5

Have been through some code and ran into Function.identity() which I found it is similar to s->s. I do not understand why and when I should use Function.identity().

I have tried to understand by working on an example, but it did not clarify my questions:

public static void main(String[] args){
        Arrays.asList("a", "b", "c")
          .stream()
          .map(Function.identity())
          //.map(str -> str)   //it is the same as identity()       
          .forEach(System.out::println);
        return;
    }

When printing the list elements with and without mapping, I am getting the same result:

a
b
c

So, what is the purpose of including s-> s which is passing a string and retrieving an string? what is the purpose of Function.identity()?

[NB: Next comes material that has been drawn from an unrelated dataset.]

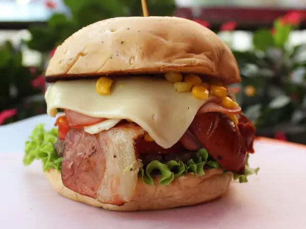 pan brioche carne de la casa cebolla tomate tocineta suiza mozarella maiz porcion de papa mas gaseosa
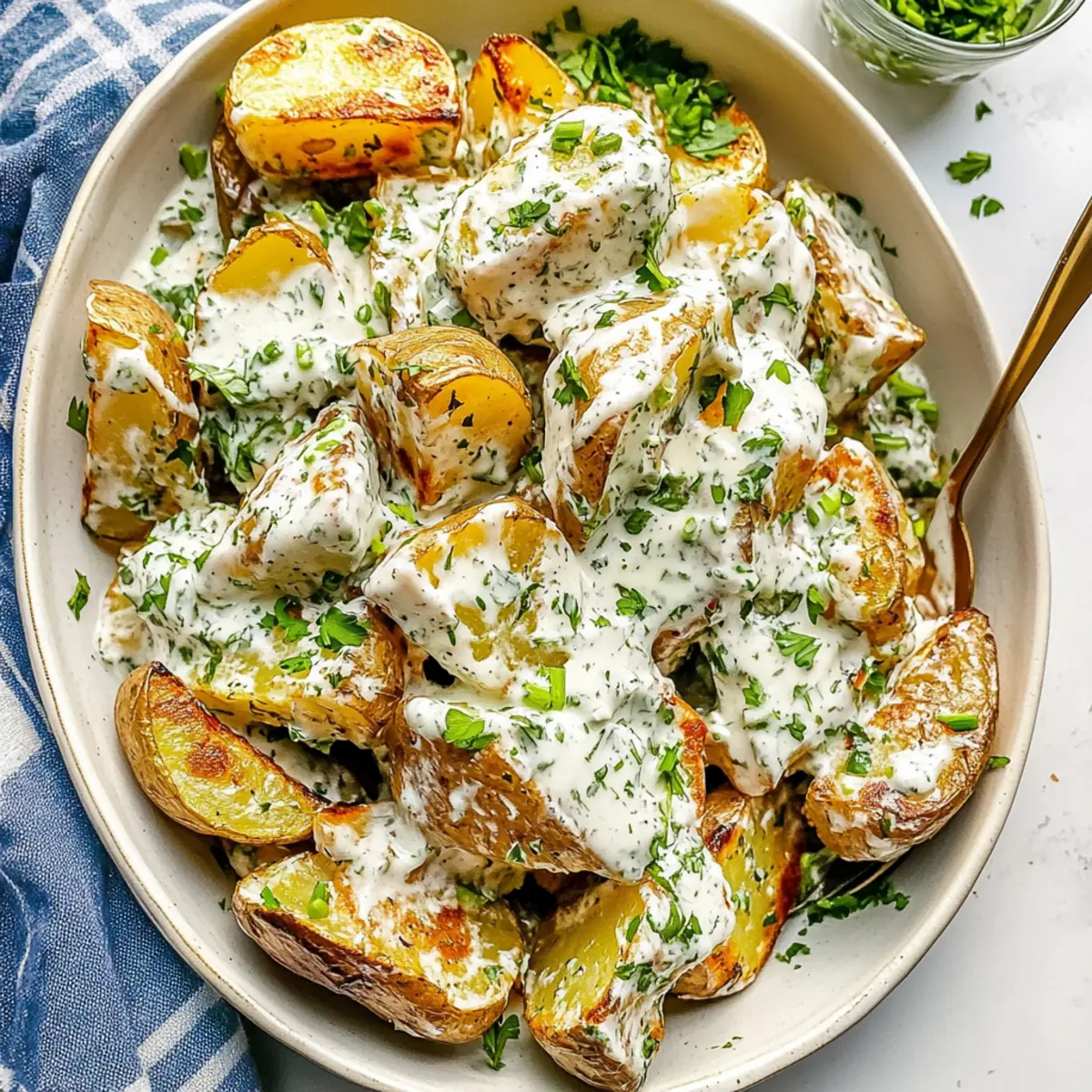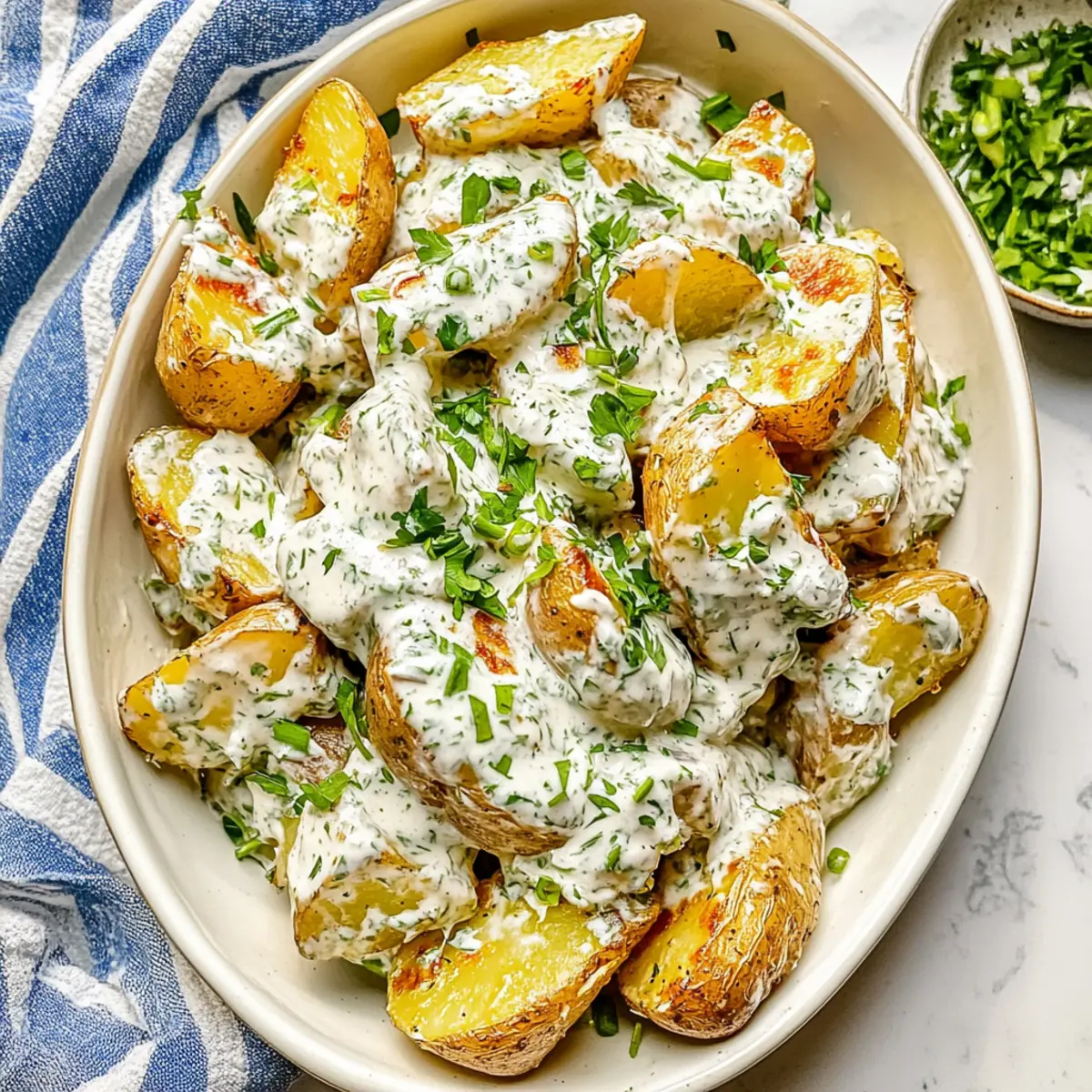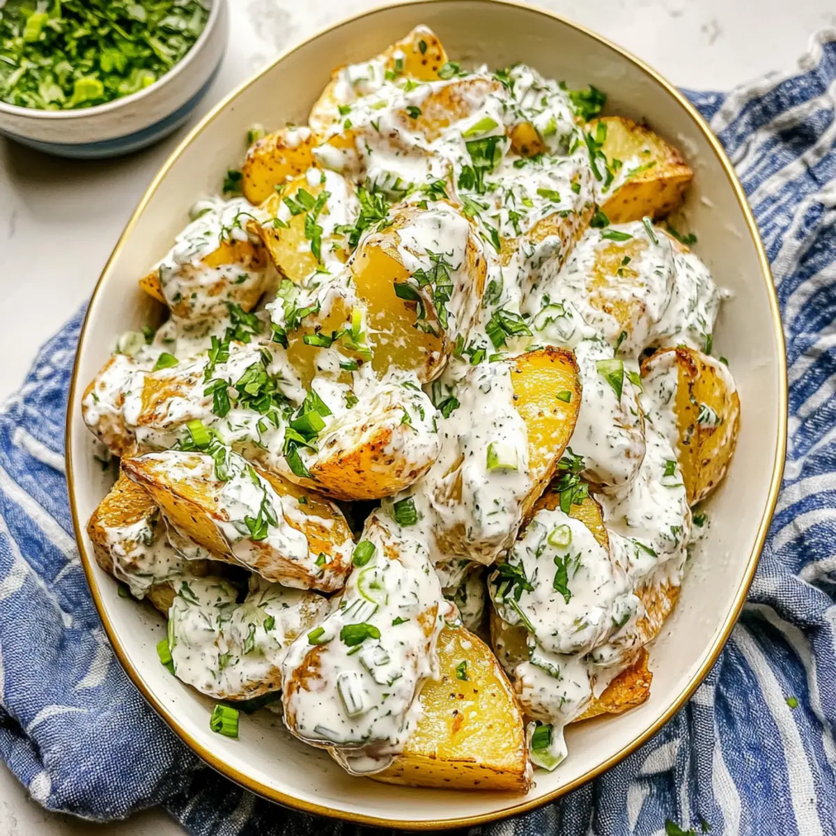 Jump to Recipe Print RecipeAs the sun sets on another busy day, I find myself longing for a comforting side dish that doesn’t skimp on flavor—and that’s where my Crispy Potato Salad comes into play. Perfectly roasted Yukon Gold potatoes create a golden crunch that contrasts beautifully with a creamy dressing, making this dish a true standout alongside any BBQ or potluck spread. Not only is this potato salad a crowd-pleaser, but it’s also surprisingly easy to whip up, elevating the classic potato salad into something everyone will love. With every bite, you’ll experience that satisfying mix of textures that will have friends and family reaching for more. What’s your favorite way to enjoy potato salad? Let’s dive into this delightful recipe together! Why is Crispy Potato Salad the Best? Irresistible Crunch: The combination of golden, roasted Yukon Gold potatoes and a creamy dressing delivers a delightful crunch and flavor explosion that will keep you coming back for more. Super Simple: With just a few straightforward steps, preparing this dish is a breeze, even for those new to cooking! Versatile & Adaptable: Feel free to toss in some crispy bacon or fresh herbs for added taste! Perfect for Gatherings: Whether it’s a summer BBQ or a cozy potluck, this salad shines as the star side dish that pairs beautifully with grilled meats or even alongside options like Thai Chicken Salad. Make-Ahead Wonder: This salad stores well, making it ideal for meal prep or last-minute gatherings. You can even enjoy it as a refreshing snack throughout the week! Healthy Delight: Packed with nutritious ingredients, this crispy potato salad delivers a satisfying treat without the guilt. Crispy Potato Salad Ingredients For the Salad • Yukon Gold Potatoes – Provides a creamy texture and buttery flavor; Russet potatoes can be used for a fluffier texture. • Olive Oil – Adds richness and assists in crisping during roasting. • Garlic Powder – Enhances flavor depth; fresh garlic can also be substituted for a stronger taste. • Kosher Salt and Black Pepper – Essential for seasoning; adjust to taste. For the Dressing • Sour Cream – Contributes creaminess and tang; Greek yogurt can be used for a lighter option. • Mayonnaise – Adds richness and helps bind the salad; vegan mayo can replace it for a dairy-free version. • Scallions – Offers a mild onion flavor; use red onions for a sharper taste. • Fresh Dill – Provides a fresh, herby flavor; fresh tarragon or parsley can be substitutes. • Fresh Parsley – Adds brightness and color; can be replaced with cilantro for a different herb profile. • Dijon Mustard – Adds a slight tanginess; yellow mustard can be a milder alternative. • Lemon Juice – Brightens flavor; lime juice can also be used as a substitute. Enjoy crafting your Crispy Potato Salad with these delightful ingredients that come together to create a dish everyone will crave! Step‑by‑Step Instructions for Crispy Potato Salad Step 1: Boil the Potatoes Begin by washing and cubing your Yukon Gold potatoes into bite-sized pieces. In a large pot, bring salted water to a rolling boil and carefully add the potatoes. Cook for 12–16 minutes, or until they are fork-tender but not falling apart. Once cooked, drain the potatoes in a colander and let them cool slightly while you prepare for roasting. Step 2: Preheat the Oven Preheat your oven to 400°F (200°C) to ensure it’s hot and ready for roasting. Line a baking sheet with aluminum foil for easy cleanup and to help keep the potatoes from sticking. This will be where you achieve the crispy goodness of your Crispy Potato Salad. Step 3: Season the Potatoes In a large mixing bowl, toss the boiled potatoes with a generous drizzle of olive oil, garlic powder, kosher salt, and freshly cracked black pepper. Make sure each piece is well-coated for maximum flavor. Once seasoned, carefully spread the potatoes in a single layer on the prepared baking sheet, ensuring they are not overcrowded for even crisping. Step 4: Roast for Crispiness Place the baking sheet in the preheated oven and roast the potatoes for about 30 minutes. Stir the potatoes halfway through to achieve an even golden-brown crispiness. They should be golden and crispy on the outside while remaining fluffy on the inside when done. Step 5: Prepare the Dressing While the potatoes are roasting, prepare the creamy dressing for your Crispy Potato Salad. In a mixing bowl, combine sour cream, mayonnaise, chopped scallions, fresh dill, parsley, Dijon mustard, and lemon juice. Season the mixture with salt and pepper to taste, creating a balanced and flavorful dressing. Step 6: Combine the Ingredients Once the potatoes are perfectly roasted, remove them from the oven and let them cool for a few minutes. In a serving bowl, gently fold the warm roasted potatoes into the dressing, making sure they are well-coated but still retain their shape. This step is crucial for marrying the flavors together in your Crispy Potato Salad. Step 7: Garnish and Serve Transfer the dressed potato salad to a beautiful serving platter or bowl. Garnish with additional reserved herbs, such as dill and parsley, for a pop of color and freshness. Your Crispy Potato Salad is now ready to be served at any gathering, sure to delight everyone with its vibrant flavors and textures. Storage Tips for Crispy Potato Salad Fridge: Store leftover crispy potato salad in an airtight container for up to 3 days. Ensure it’s tightly sealed to prevent moisture loss. Freezer: Although not ideal, you can freeze the salad for up to 1 month. Just know that the potatoes may lose their crispness after thawing. Reheating: If serving leftovers, reheat in an oven at 350°F (175°C) for about 10 minutes to regain some crispiness. Add a little olive oil if needed for moisture. Serving Cold: This dish can be enjoyed cold straight from the fridge, making it excellent for summer potlucks and BBQs. Just give it a gentle stir bef

Please provide me with a better example, maybe this example does not make sense to prove the importance of using identity().

Thanks

2
  • Related: softwareengineering.stackexchange.com/q/256090/3965 Commented Aug 29, 2019 at 20:22
  • 1
    @AndyTurner bad example. Whether you use .map(a -> a) or .map(Function.identity()), the compiler will infer a Function<String,String> in either case, as it has no hint that a supertype is intended. So the resulting stream type still is Stream<String>. It does, however, infer the target list size for the collect operation from the assignment. Which works in both cases. You can map to a Stream<Object> with explicit types, like .<Object>map(Function.identity()) or .<Object>map(s -> s) which again works in both cases. But Function.identity() doesn’t work with mapToInt(i -> i) Commented Aug 30, 2019 at 8:05

1 Answer 1

15

It's useful when the API forces you to pass a function, but all you want is to keep the original value.

For example, let's say you have a Stream<Country>, and you want to make turn it into a Map<String, Country>. You would use

stream.collect(Collectors.toMap(Country::getIsoCode, Function.identity()))

Collectors.toMap() expects a function to turn the Country into a key of the map, and another function to turn it into a value of the map. Since you want to store the country itself as value, you use the identity function.